The third UK weakness on the charge sheet has been a rapid and unexpected deterioration in the UK’s labour market performance during the pandemic. Although companies are still able to provide more jobs to UK citizens than the European average, fewer people are now employed or looking for work than in 2019. This almost unique drop in participation in the jobs market, particularly for those over 50, is likely to persist, the BoE says, because “many of the people who have left the labour force appear unlikely to return soon”.
A toxic mix
On top of these new reasons for concern about the UK’s economic performance are longstanding issues that governments have failed to resolve over many decades. The UK’s planning and land-use system attracts much criticism for giving opponents to any development the upper hand and stopping growth. Sam Dumitriu, head of policy at Britain Remade, a new campaign to promote growth, says the UK’s problem is an “inability to get what we need built”.

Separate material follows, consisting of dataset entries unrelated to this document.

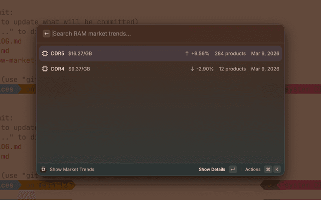 Show Market Trends shows DDR4 and DDR5 pricing in a searchable list.Market Trends Menu Bar shows the latest prices in the Raycast menu bar.Note: The Market Trends Menu Bar command is only available on macOS.
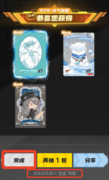 3、拆开之后你可以点击【完成】手动回到图鉴页面,或者直接点击下方跳转。
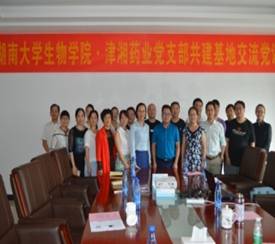 为了深入推进“两学一做”学习教育,实现党建工作优势互补,促进学院基层党建上新台阶。近日,必赢生物医学党支部全体党员一行前往益阳津湘药业有限公司,举行437bwin必赢国际官网-津湘药业党建共建基地的揭牌仪式暨党建工作交流活动。学院党委书记徐晓波、党委委员副院长何晓晓和津湘药业的党支部书记副总经理彭莹及其支部成员参加了活动。
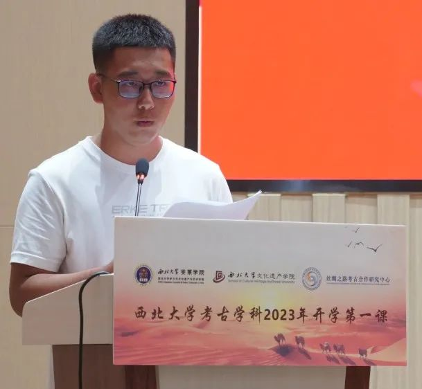 伟德国际1946官方网本科生任乐晨、研究生李琪鑫,安莱学院本科生黄歆懿作为新生代表发言。任乐晨表示,当代考古学俨然已成为社会生活不可或缺的一环。考古学不仅能成为自身笃定为之奋斗一生的目标,更能提升静默思考的能力,丰盈对于世界的感性认知,自身将利用好学科平台不断实现人生价值。黄歆懿围绕“文物保护大有可为、文物保护需要我们愿为、文物保护需要我们善为、文物保护需要我们甘为”四个方面,分享了自己对考古学专业学习的认识和想法。李琪鑫认为,人与考古的关系,入迷是必要的。她举例阐释了自身热衷于学习考古学的初心和使命,指出考古学在传承和弘扬中华优秀文化中的重要地位,鼓励新生要努力学习专业知识,深学,笃思,实干,勇担时代使命。
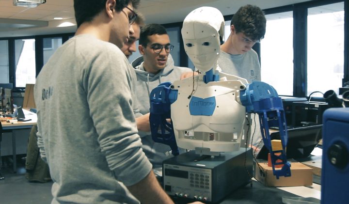 A l’ESILV, le projet InMoov est porté par DaVinciBot, l’association robotique, qui participe entre autres chaque année à la Coupe de France de Robotique. Cinq élèves-ingénieurs travaillent sur le robot InMoov.
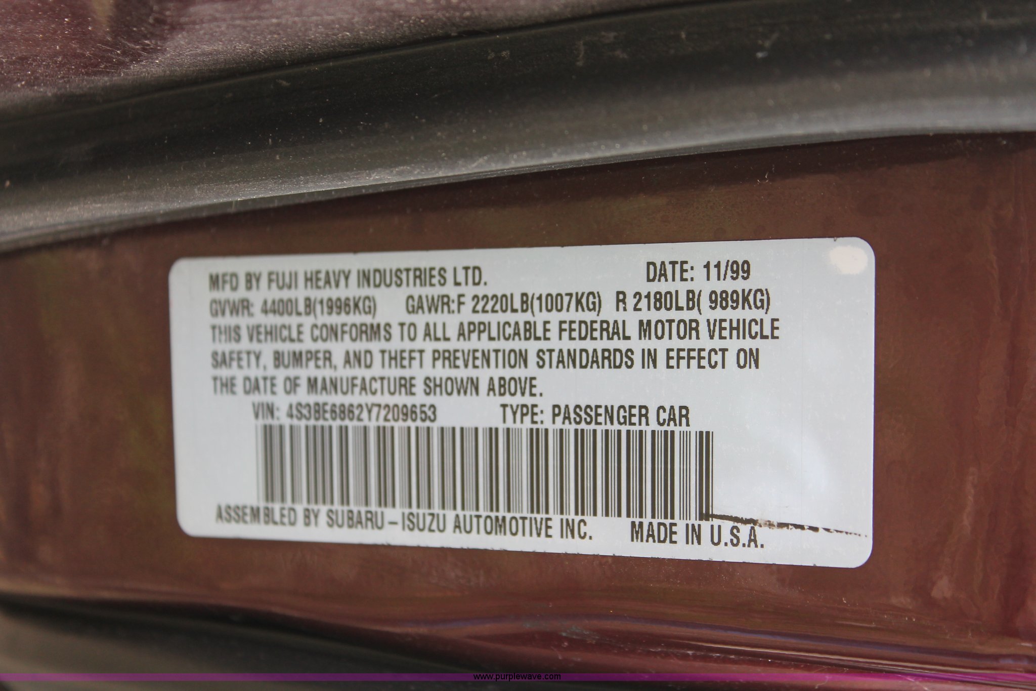 Purple Wave is selling a used Wrecked and Abandoned in Kansas. This item is a 2000 Subaru Outback Limited with the following: Mileage unknown, 2.5L H4 SOHC 16V gas engine, Automatic transmission, AM/FM/cassette, Power seats, Leather interior, Sunroof, Keys, P225/60R16 tires, Front end damage, Paint peeling, Case# 13C14799
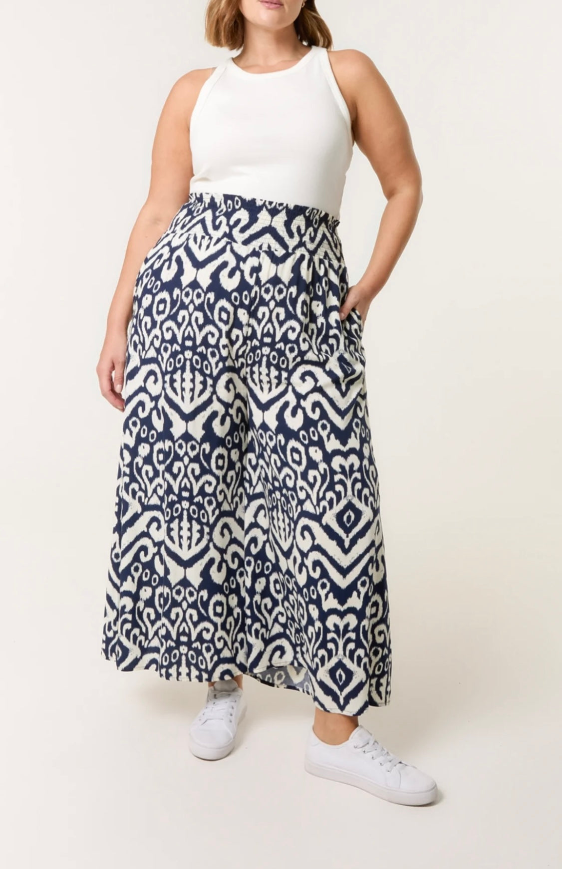 Curve Navy & Cream Wide Leg Trousers (size 18/20)
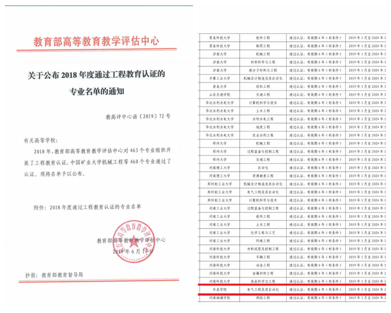 6月13日和16日,教育部高等教育教学评估中心、中国工程教育专业认证协会分别下发了《关于公布2018年度通过工程教育认证的专业名单》和《关于公布北京工业大学机械工程等460个专业认证结论的通知》,公布了2018年参加全国工程教育专业认证的部分专业认证结果,我校电气工程及其自动化专业顺利通过工程教育专业认证,有效期为2019年1月至2024年12月。

“We do not build enough homes near the best jobs, but it is not just housing,” he says, citing a shortage of laboratory space in Oxford, Cambridge and London and the difficulty in building new energy facilities whether onshore or far from the coast.
Britain’s skill levels for those without university education lag behind those of other rich countries and for decades there has been a “long tail” of companies with poor productivity levels, which neither seem to improve nor go out of business. And the nation, much like the entire western world, is ageing rapidly. “Underlying [the UK’s growth problem] is also demographics”, says Saunders. “If we hadn’t had Brexit and Covid, we’d have talked more about demographics lowering growth rates over the past five years.”
The explanation for the UK economy’s growth crisis since 2007 is therefore not one single problem, but a combination of global crises and self-inflicted policy errors. There is little doubt, however, that the disappearance of large UK boom industries, global shocks, Brexit, poor governance and a deteriorating labour market have been a toxic mix.